Seminar: Zheng Joyce Wang

Thu, October 25, 2018

All Day

209 W. Eighteenth Ave. (EA), Room 170

Title

Data Fusion Using Hilbert Space Multi-Dimensional Models

Speaker

Zheng Joyce Wang, School of Communication, The Ohio State University

Abstract

With the striking advancement of modern data collection methods, complex and massive data sets are generated from various sources and contexts that are conceptually connected (e.g., “big data”). This promises to provide a better understanding of complex social and behavioral phenomena, but it also presents unprecedented challenges for the integration and interpretation of the data. When large data sets are collected from different contexts or conditions, often they can be summarized by contingency tables or cross-tabulation tables. How to integrate and synthesize these K tables into a compressed, coherent, and interpretable representation? Currently, a common solution is to try to construct a p-way joint probability distribution to reproduce the frequency data observed in the K tables. Often Bayesian causal networks are then used to reduce the number of estimated parameters by imposing conditional independence assumptions. Unfortunately, however, in many cases, no such p-way joint distribution exists in the empirical data sets that can reproduce the observed tables.

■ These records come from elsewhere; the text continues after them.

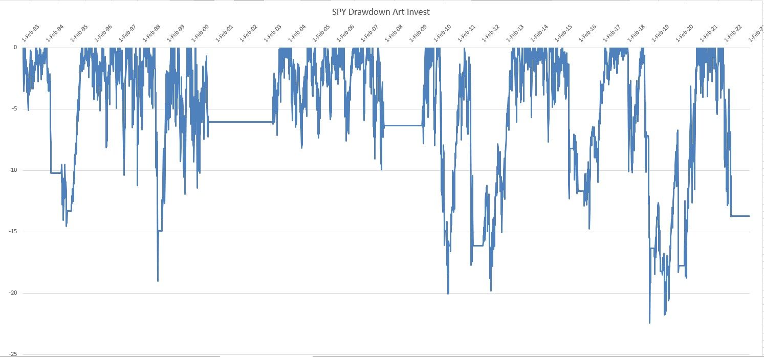 If you zoom out on the SPY chart bellow and scroll back and forth trough time, you'll see that the market is going up and down all the time. If you think about it the average investor is ether at all time high of it's investment portfolio or in a period of a drawdown. Our goal is to limit the drawdown and still participate in on the upside.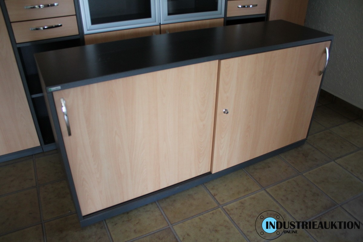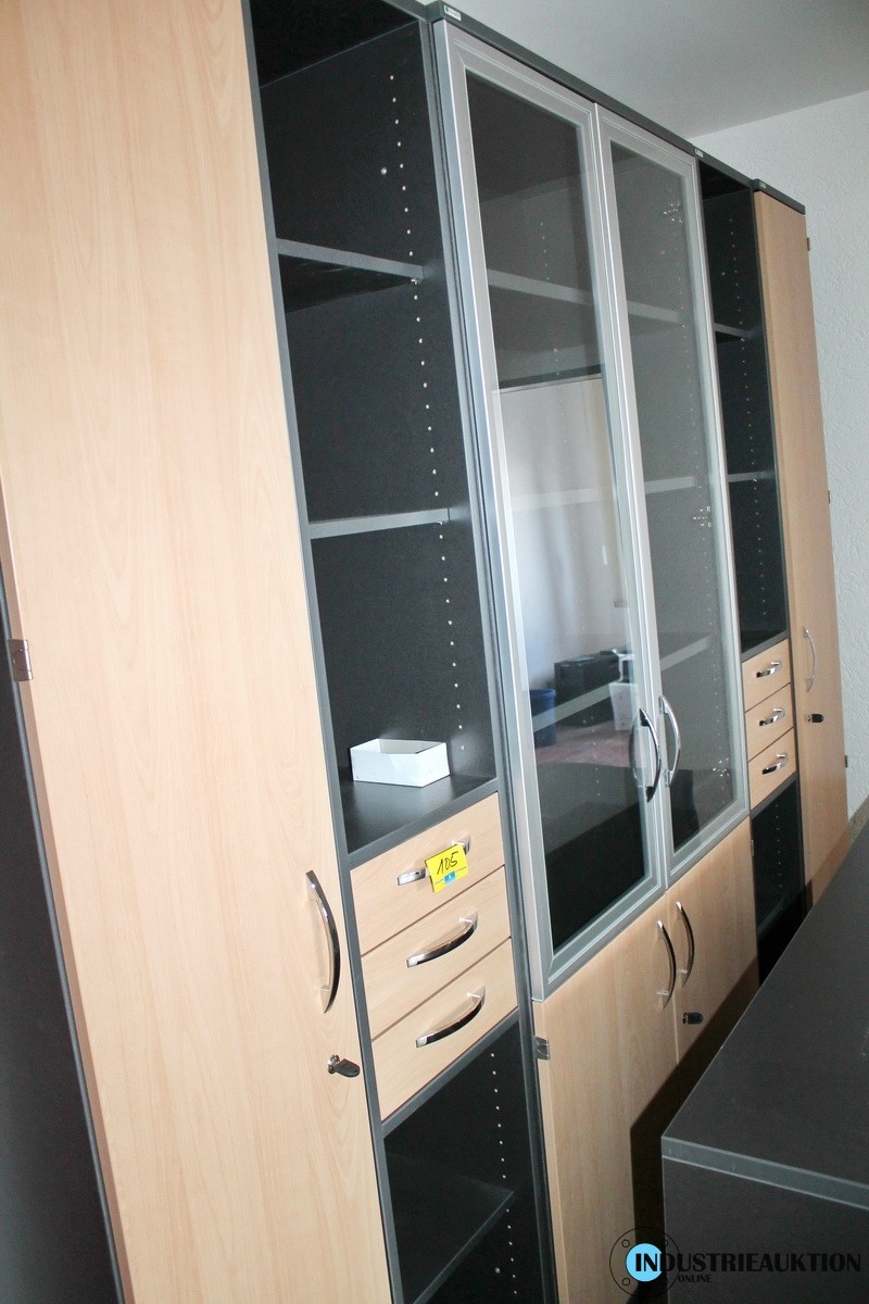 Schrankwand PALMBERG, anthrazit, Fronten buchefarbig, bzw. silber abgesetzt, mit Vitrinenelement, ca. 250x230 cm, Sidebord dazu passend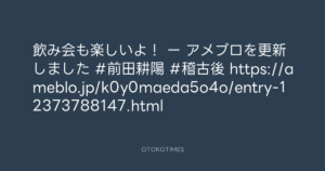 Koyo Maeda @koyomaeda – 7:22・2018年5月6日 2018 5/06 前田耕陽 2018-05-06 飲み会も楽しいよ! ー アメブロを更新しました #前田耕陽 #稽古後 https://ameblo.jp/k0y0maeda5o4o/entry-12373788147.html Source:https://x.com/koyomaeda/status/992892212160610304 text X Post 前田耕陽 前田耕陽 この記事が気に入ったら フォローしてね! Follow @OtokoTimes1988 よかったらシェアしてね! URLをコピーしました! Koyo Maeda @koyomaeda - 5:58・2018年5月5日 前田 耕陽 @koyo.maeda - 10:33・2018年5月6日(IG post) 関連記事 Artist 前田耕陽 1968.08.16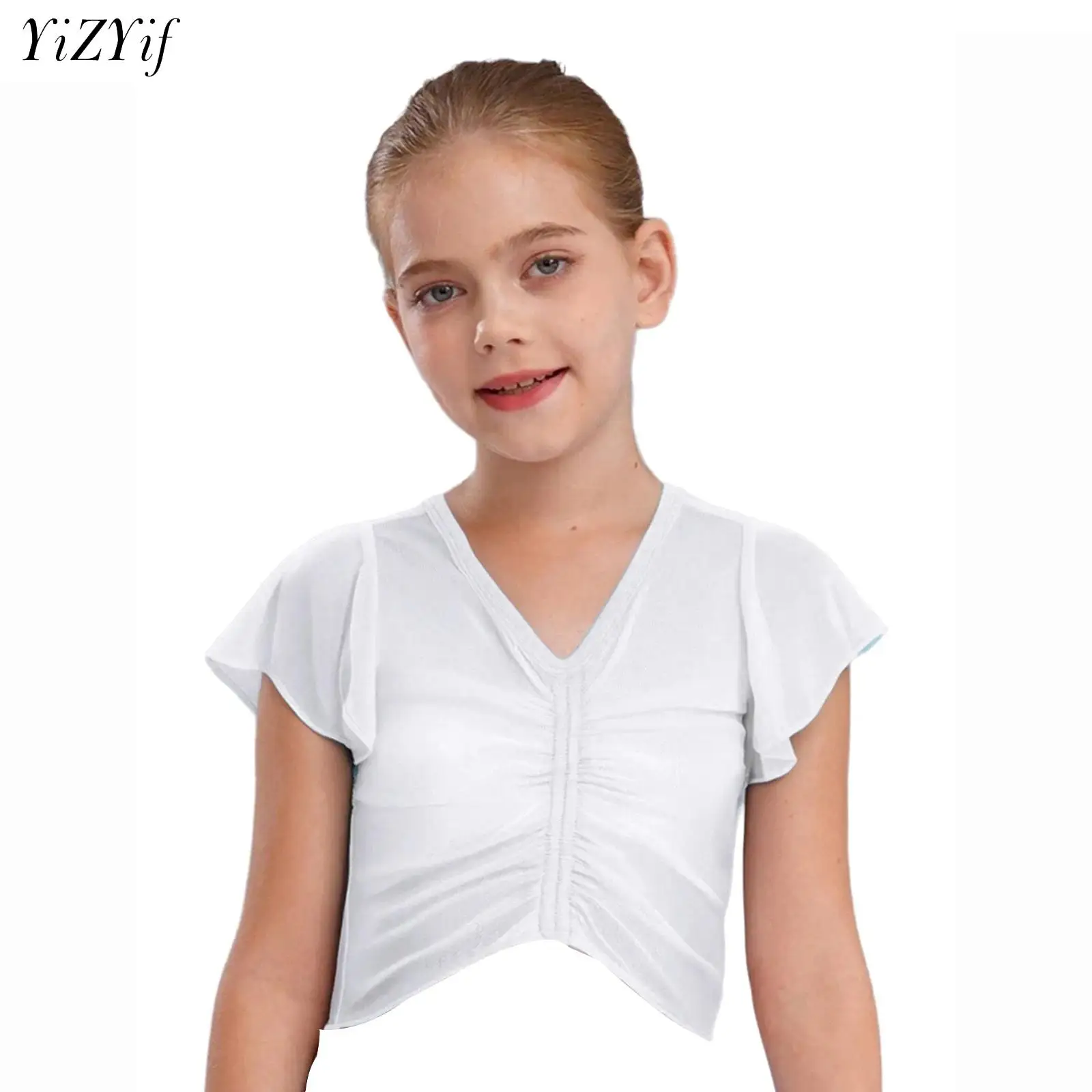 Kid Girls Nylon Ballet Dance Top with Chest Ruched Sheer Mesh Ruffled Sleeves Tops Children Classic Dance Practice Costumes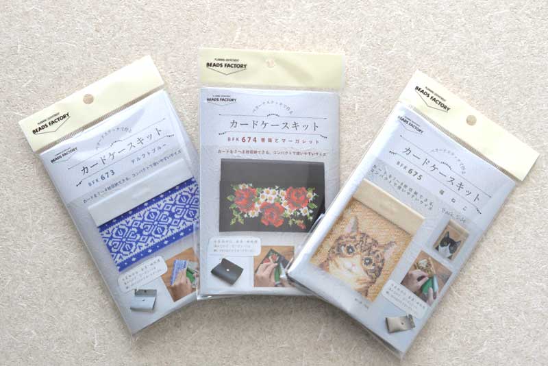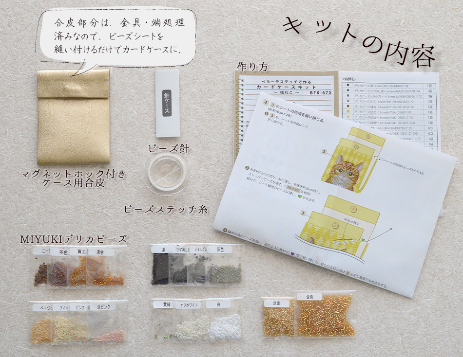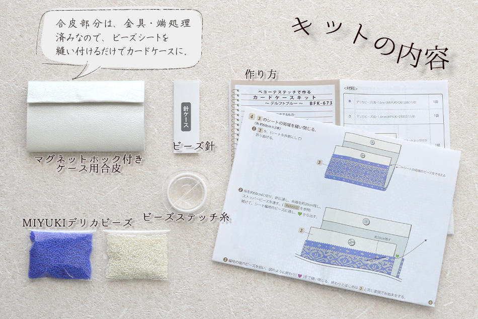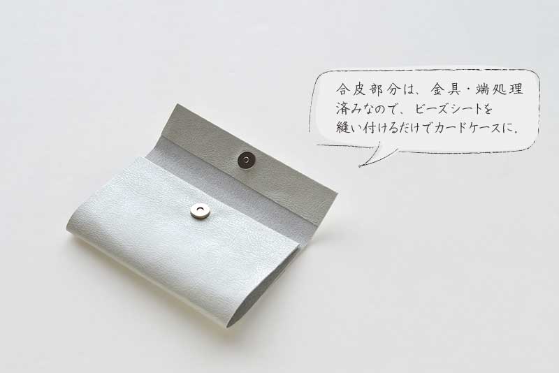 手のひらサイズのカードケースに、ビーズシートを縫い付けるだけで完成するシンプルな基本構造です。

General procedures for constructing, estimating, and testing Hilbert space multi-dimensional (HSM) models, built from quantum probability theory, are presented. HSM models can be applied to collections of K different contingency tables obtained from a set of p variables that are measured under different contexts. A context is defined by the measurement of a subset of the p variables that are used to form a table. HSM models provide a representation of the collection of K tables in a low dimensional vector space, even when no single joint probability distribution across the p variables exists. HSM models produce parameter estimates that provide a simple and informative interpretation of the complex collection of tables. An empirical application will be discussed to illustrate these ideas.